Are Students at Risk?

Gibbs, Karen A., PT, PhD, DPT, CWS; Rohde, Rodney E., PhD, MS, SV, SM(ASCP) MB, MB(ASCP)(CM); Sanders, Barbara, PT, PhD, SCS, FAPTA; Acosta, Martha, PT, PhD, MS, GCS; Wild, Dana L., PT, PhD, PCS

Journal of Physical Therapy Education: March 2018 - Volume 32 - Issue 1 - p 65–69
doi: 10.1097/JTE.0000000000000023
Research Report

Introduction. Staphylococcus skin infections including methicillin-resistant Staphylococcus aureus (MRSA) are a major health concern in clinical and nonclinical settings where skin-to-skin and skin-to-surface contacts are frequent. This type of contact is inherent in entry-level physical therapy education laboratory classrooms, putting students at risk for exposure to harmful bacteria. With only one previous study examining the prevalence of Staphylococcus at a single program, the purpose of this study was to expand the study across multiple academic centers to further explore the presence of Staphylococcus and exposure risk in our laboratory classrooms.

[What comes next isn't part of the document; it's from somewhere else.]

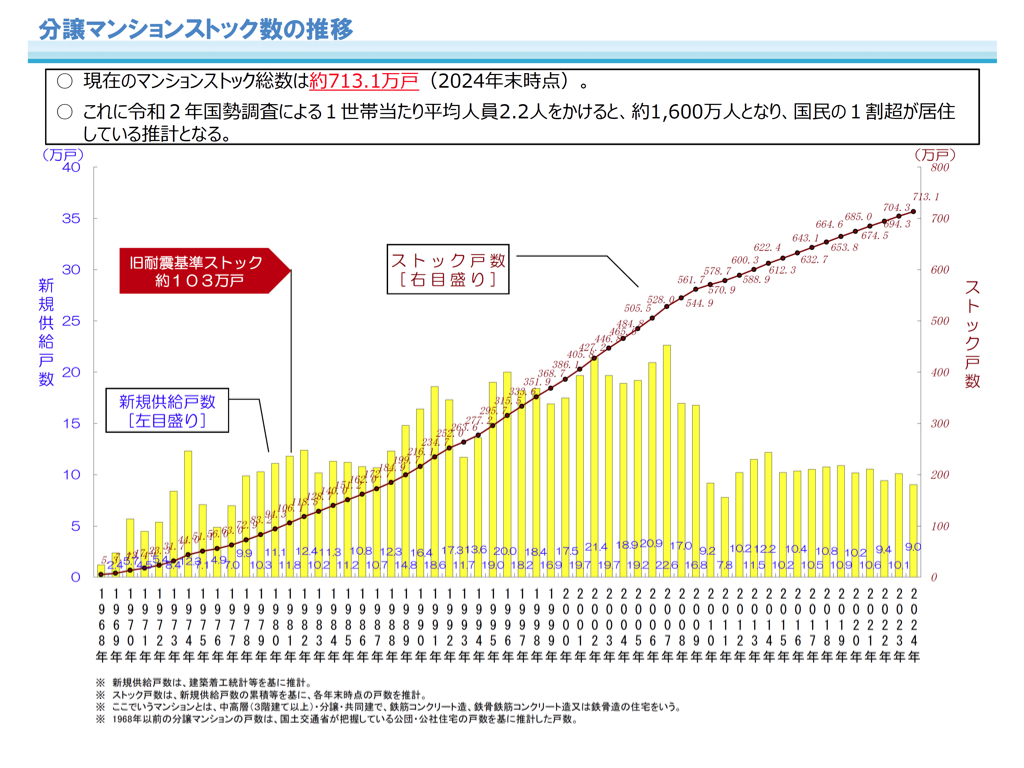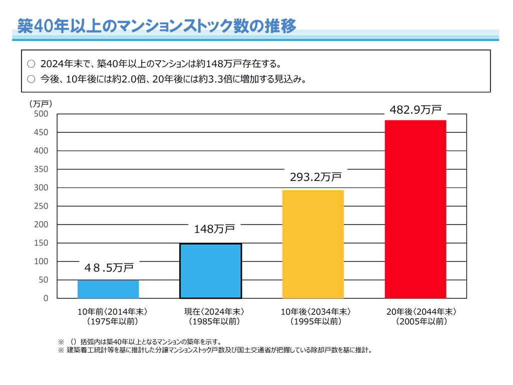 国の推計によると、築40年を超えるマンションストックは2024年末時点で約148万戸に達し、10年後には現在の約2倍へ急増する見込みだ。また、旧耐震基準ストックで見ると、約103万戸に達する(2024年末時点)。こうした中、近年、顕著な傾向を見せているのが「マンション建替円滑化法」に基づく建て替えの増加である。国によると、2025年3月末時点で、累計で323件(約2.6万戸)と増加傾向にある。

Methods. Four entry-level physical therapist education programs participated in the study. Swab samples were collected from plinths located in laboratory classrooms at each of the four academic sites and processed according to the previously documented protocol at each of the four academic sites.

Results. Of the 333 total samples, 47 (14.1%) tested positive for S. aureus, 2 samples were positive for MRSA (0.06%). Although all four programs reported their laboratory classrooms were “multiuse,” the classrooms with the highest utilization had the highest prevalence of S. aureus.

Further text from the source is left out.